Frances Aldrich Sevilla-Sacasa
About Frances Aldrich Sevilla‑Sacasa
Independent director at Camden Property Trust (CPT) since 2011; age 69. Former CEO of Banco Itaú International (2012–2016), and past President/CEO roles at U.S. Trust; extensive international private banking leadership at Citigroup. Education: BA, University of Miami; MBA, Thunderbird School of Global Management. Core credentials: financial services and wealth management leadership; chair of CPT’s Nominating, Corporate Governance & Sustainability (NCG&S) Committee; board experience at large-cap real estate and energy companies .
Past Roles
| Organization | Role | Tenure | Committees/Impact |
|---|---|---|---|
| Banco Itaú International (Miami) | Chief Executive Officer | Apr 2012–Dec 2016 | Led international banking operations |
| University of Miami School of Business | Interim Dean | Jan 2011–Jul 2011 | Academic leadership |
| University of Miami School of Business | Executive Advisor to the Dean | Aug 2011–Mar 2012 | Strategic advisory |
| U.S. Trust / Bank of America Private Wealth Mgmt | President; later President & CEO | Nov 2005–Dec 2008 (President U.S. Trust Co. early 2007–Jun 2007; President & CEO U.S. Trust Jan–Jun 2007; President of U.S. Trust, BofA PWM Jul 2007–Dec 2008) | Led U.S. high-net-worth wealth management |
| Citigroup Private Banking | President, Latin America; President, Europe; Head, International Trust | Prior to 2005 (dates not individually specified) | Global private banking leadership |
External Roles
| Company | Role | Tenure | Notes |
|---|---|---|---|
| Invitation Homes, Inc. | Director (current) | Not specified | Single-family rental leader; also in CPT’s compensation peer group |
| New Senior Investment Group | Director (prior) | Through 2021 | Company acquired Sep 2021 |
| Callon Petroleum Company (or predecessor) | Director (prior) | 2019–Apr 2024 | Company acquired Apr 2024 |
Board Governance
- Independence: Independent; CPT’s board has a majority of independent members (only Campo and Oden are non-independent) .

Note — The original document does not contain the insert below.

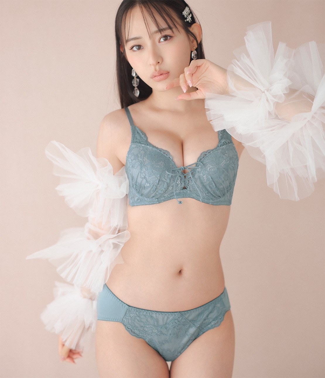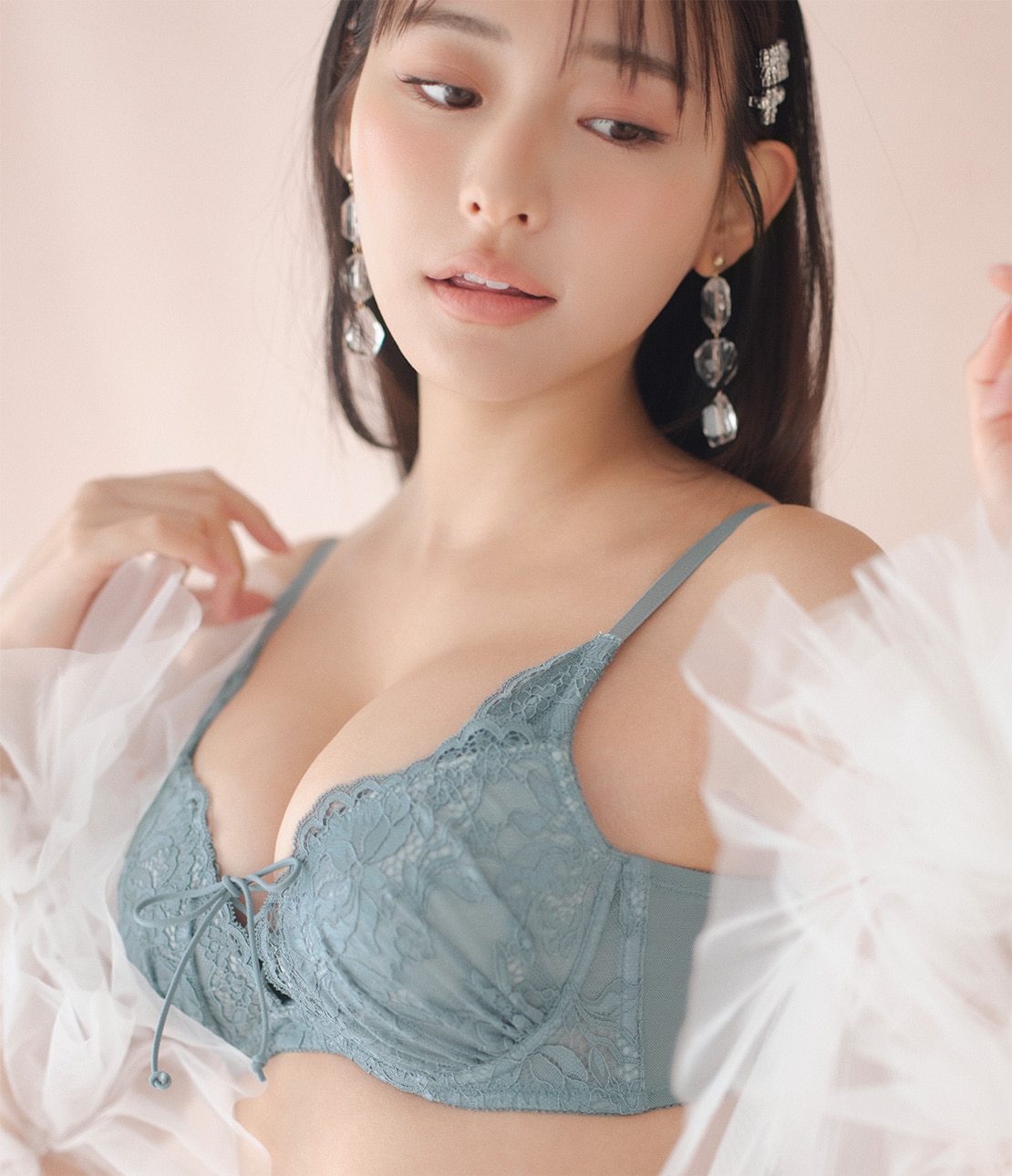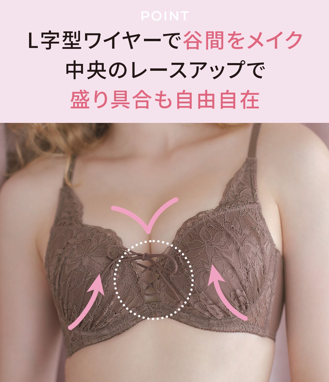 ・中央のレースアップで、谷間の寄せ具合を調節できる。
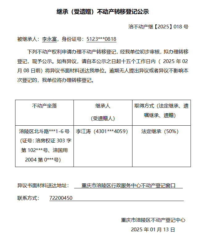李永富继承公告 涪不动产继【2025】018号

- Committee assignments: Chair, NCG&S Committee; member list (Ingraham, Webster); 1 meeting in 2024; charter last amended Feb 20, 2025 .
- Board attendance: Board met 5 times in 2024; all trust managers attended ≥80% of board/committee meetings; regular executive sessions of independent trust managers occur around each board meeting .
- Board refreshment: Independent directors generally not standing for re‑election after age 75; Sevilla‑Sacasa is 69 .
- Lead Independent oversight: Executive sessions chaired by Lead Independent Trust Manager; strong independent committee structure (Audit, Compensation, NCG&S) .
Fixed Compensation
| Component (FY2024) | Frances A. Sevilla‑Sacasa | Notes |
|---|---|---|
| Fees Earned/Paid in Cash | $20,000 | Reflects NCG&S Chair fee ($20k) |
| Stock Awards (grant-date fair value) | $230,083 | Includes annual director equity grants |
| Total | $250,083 | |
| Policy: Annual independent director cash fee | $80,000 | Directors may elect shares in lieu of cash (150% of cash value) |
| Policy: Fully vested annual share grant (May 10, 2024) | ~$110,035 | Granted to re‑elected independent directors |
| Policy: Retainer equity in lieu of $80k cash (May 10, 2024) | ~$120,048 | Vests 25% at grant and 25% annually; accelerated at age 65 |
| Policy changes effective May 9, 2025 | Annual equity award increased to $120,000; NCG&S member fee (non‑chair) to $9,000 | Chair fees unchanged (NCG&S $20k) |
Performance Compensation
- Directors do not receive performance-based cash bonuses or PSU metrics; compensation is cash retainers and equity grants. Equity election mechanics: directors may take the annual cash fee in shares at 150% of cash value; those ≥65 have accelerated vesting on retainer equity .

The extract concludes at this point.